XYZ-Wing Cells Spread Farther Apart

When the XYZ-wing is spread farther apart, it can be more difficult to spot the actual wing. So be sure to scan units for a cell containing three candidates, checking them for bi-value cells with shared candidates.

1. Find the pivot. A2 has candidates 2, 5, and 7 and can see bi-value cells C2 and A9. Both of these cells have subsets of the candidates in D1.
2. Confirm the pincers. A9 contains 2 (z) and 5 (x) and shares a column with A2. C2 contains 2 (z) and 7 (y) and shares a block and row with A2. Both are valid pincer cells.
3. Find the target cells for elimination. You can eliminate z (2) from any cells that see all three cells of the pattern. For example, A1 and A3 share a block with the pivot (A2) and one pincer (C2) and a column with the other pincer (A9). So 2 can be eliminated from those cells (A1 and A3). Because A5 and C4 don't share units with all three wing cells, you can't delete the 2s from those cells.

Practice Finding an XYZ Wing

Before you add this technique to your existing Sudoku strategies, you can practice on the puzzle below. Look for a pivot cell and two bi-value pincers to determine what cells to target for candidate elimination. If you need help, just click the hint button and use the arrows to click through the messages.

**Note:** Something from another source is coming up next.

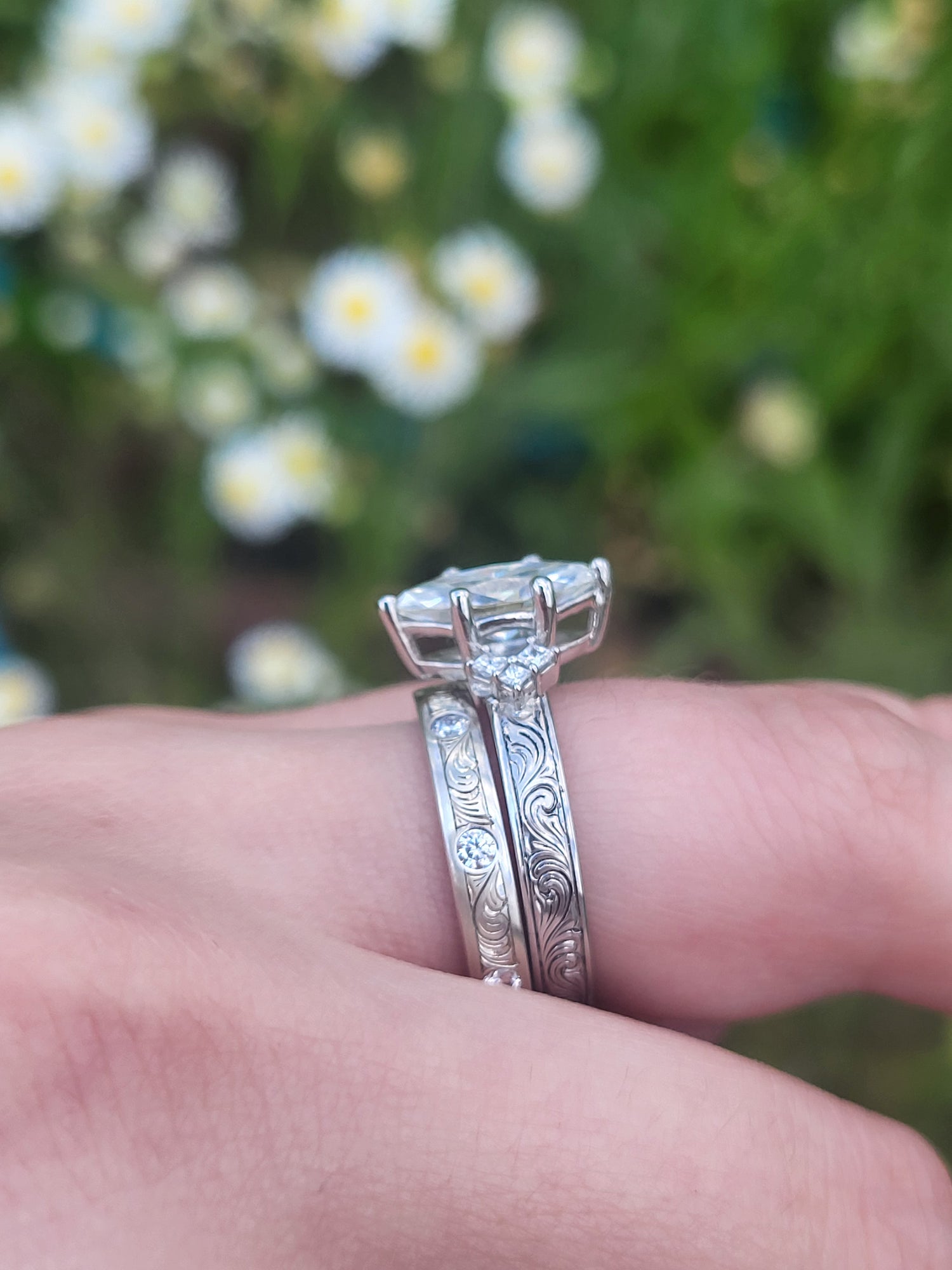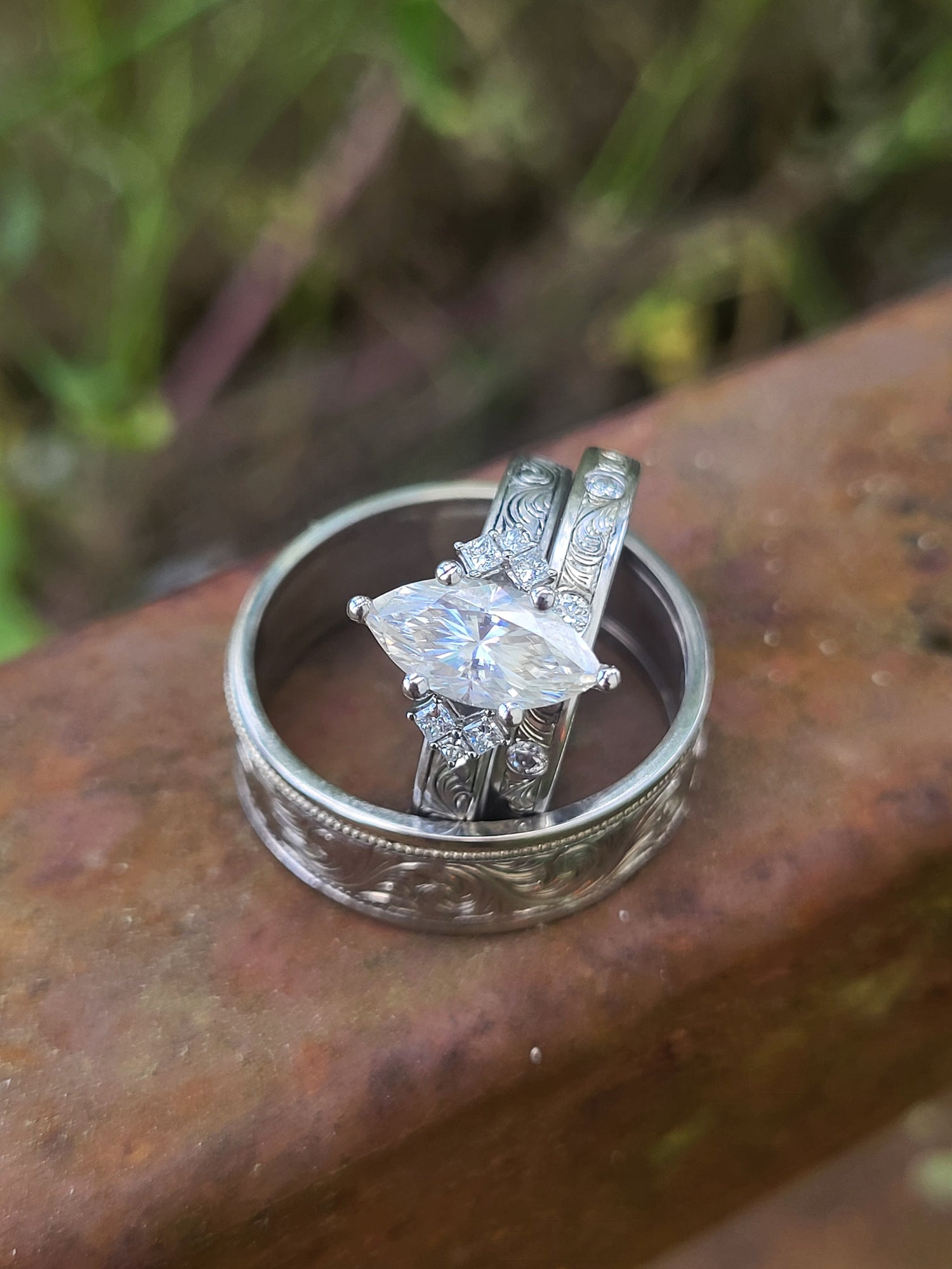 Individual pieces may vary slightly from the pictured item. We make each piece one at a time, for every order. Because of this, your final piece may vary slightly from the picture and the engraving style may be adjusted slightly to fit your ring size or customizations.

If you're finding close variations of an XYZ-wing but not the exact pattern, don't be discouraged. You could be finding other useful patterns like W-wings or X-wings. These techniques can also help you find a common number among cells that can be eliminated, which could be the one number you need to unlock an expert or evil-level puzzle when you're playing Sudoku online.